Cada uno de los nueve versos que componen este canto tiene una raigambre bíblica impresionable: “No se turbe vuestro corazón”. “La imagen de este mundo pasa”.  “Cielo y tierra pasarán, pero mis palabras no pasarán”. “Con vuestra paciencia ganaréis vuestras vidas”. “Solo Dios basta”. El ancla de este breve poema está al final: Quien a Dios tiene/ nada le falta/. ¡Solo Dios basta!

Lejos se quedó Rolland en su heroico y fallido intento pacifista, aunque sea laudable su gran esfuerzo. El hombre necesita más, infinitamente más. Refiriéndose a los hombres ilustres de sus biografías dice que: “ no se dirigen al orgullo de los ambiciosos, sino que están consagradas a los desventurados. ¿Y quién en el fondo no lo es?
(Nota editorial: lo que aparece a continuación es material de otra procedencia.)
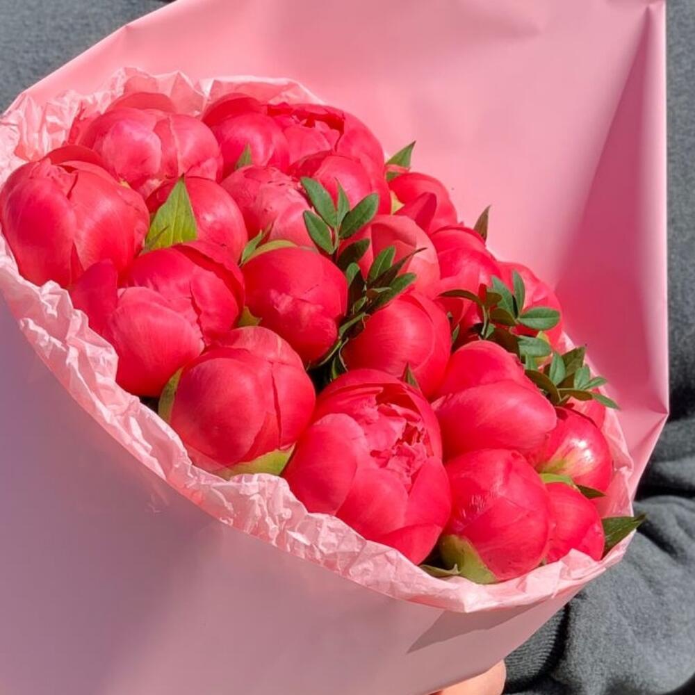 3 коралловых пиона с эвкалиптом
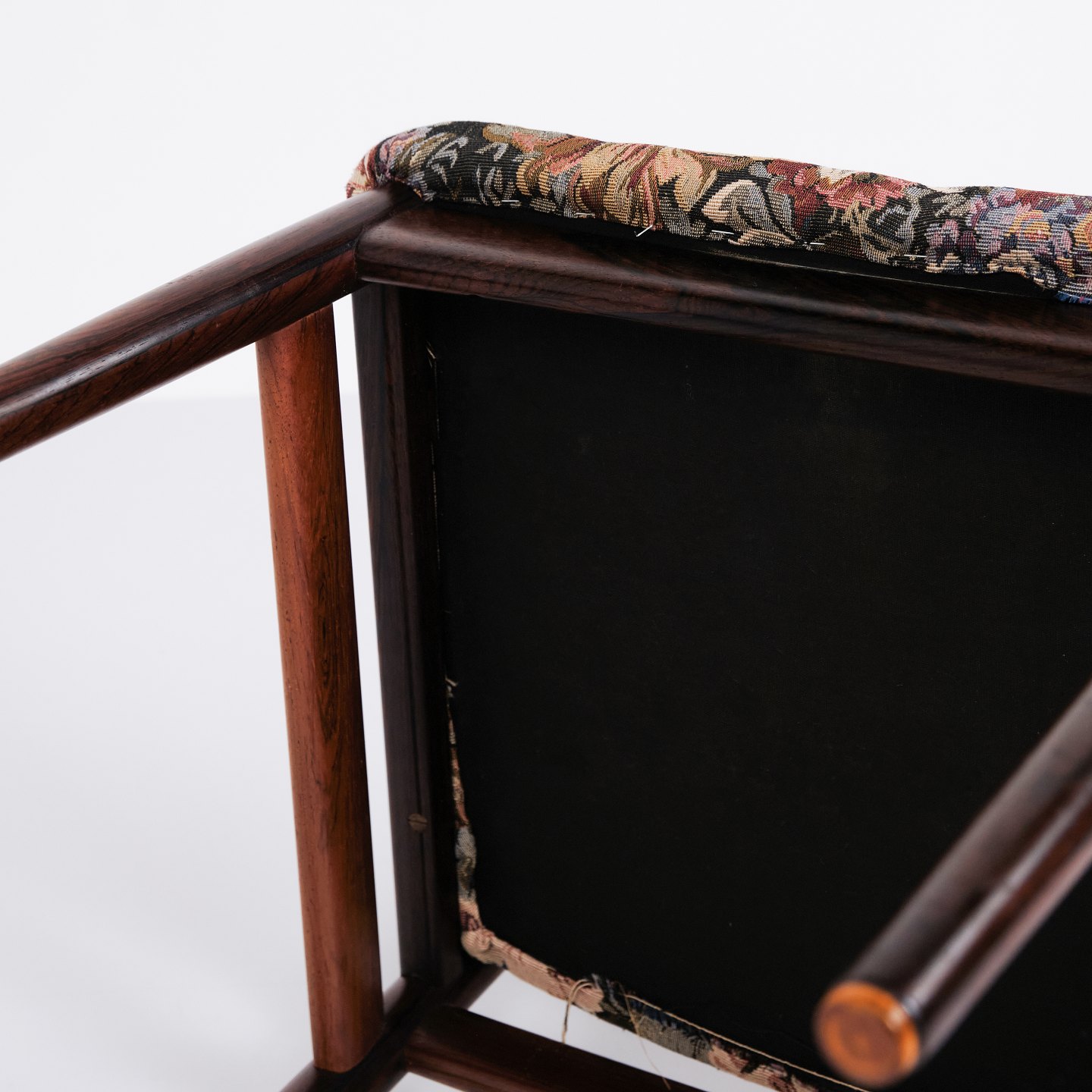 — Materiale: Palisander, stofbetrukket sæde

Ofrezcamos a los que sufren el bálsamo del sagrado sufrimiento, no estamos solos en el combate, pues alumbran la noche del mundo luces divinas y ahora mismo, cerca de nosotros, hemos visto brillar las más puras llamas de la justicia y de la libertad”. Más, infinitamente más que Tolstoi, que Miguel Ángel o Beethoven, nuestros Santos ofrecen las más altas posibilidades del espíritu humano; libres, sin resentimientos, sin amarguras, sin frustraciones, jamás arrepentidos de sus logros porque saben que no fue obra suya. Libres para amar. Por eso, una de las místicas más tiernas del cristianismo, Teresita de Lisieux podía decir «todo es gracia», es decir, gratis.  Respiremos, pues, el aliento de nuestros héroes.

Podemos aplicar sin ningún reparo las palabras de Rolland a nuestros Santos.  “Que no se quejen demasiado los que son desventurados, porque los mejores entre los hombres están con ellos. Nutrámonos del valor de estos hombres (y mujeres), y, si somos débiles, reposemos por un momento nuestra cabeza sobre sus rodillas, que nos consolarán. Mana de estas almas sagradas un torrente de fuerza serena y de bondad omnipotente: no es siquiera necesario interrogar sus obras, ni escuchar sus palabras, para que leamos en sus ojos, en la historia de su vida, que nunca la vida es más grande, más fecunda – ni más dichosa – que en el dolor”.  Para llevar estas palabras iluminadas a su sentido pleno, habremos de agregar: «Nada te turbe/ nada te espante,/ todo se pasa,/ Dios no se muda,/ la paciencia/ todo lo alcanza./ Quien a Dios tiene/ nada le falta./ Solo Dios basta».  Sin este punto fijo todo se convierte en ilusión.

Tenemos necesidad de los santos; son el amén al amor de Dios. Son la única apología creíble de lo verdaderamente cristiano en el cristianismo. En ellos vemos cómo la gracia de Dios triunfa en la debilidad humana, lo que llevaba a S. Agustín a exclamar: “Cuando coronas sus méritos, coronas lo que tú mismo has hecho”. Los santos son la verdadera iglesia, decía, von Balthasar.

“He afirmado con frecuencia que estoy convencido de que la verdadera apología de la fe cristiana, la demostración más convincente de su verdad, contra toda negación, son de un lado los santos y de otro la belleza que la fe ha generado.  Para que la fe pueda hoy crecer debemos guiarnos a nosotros mismos y a los hombres que nos encontramos a conocer a los santos y entrar en contacto con lo bello” (J. Ratzinger. La belleza. La Chiesa. 2005).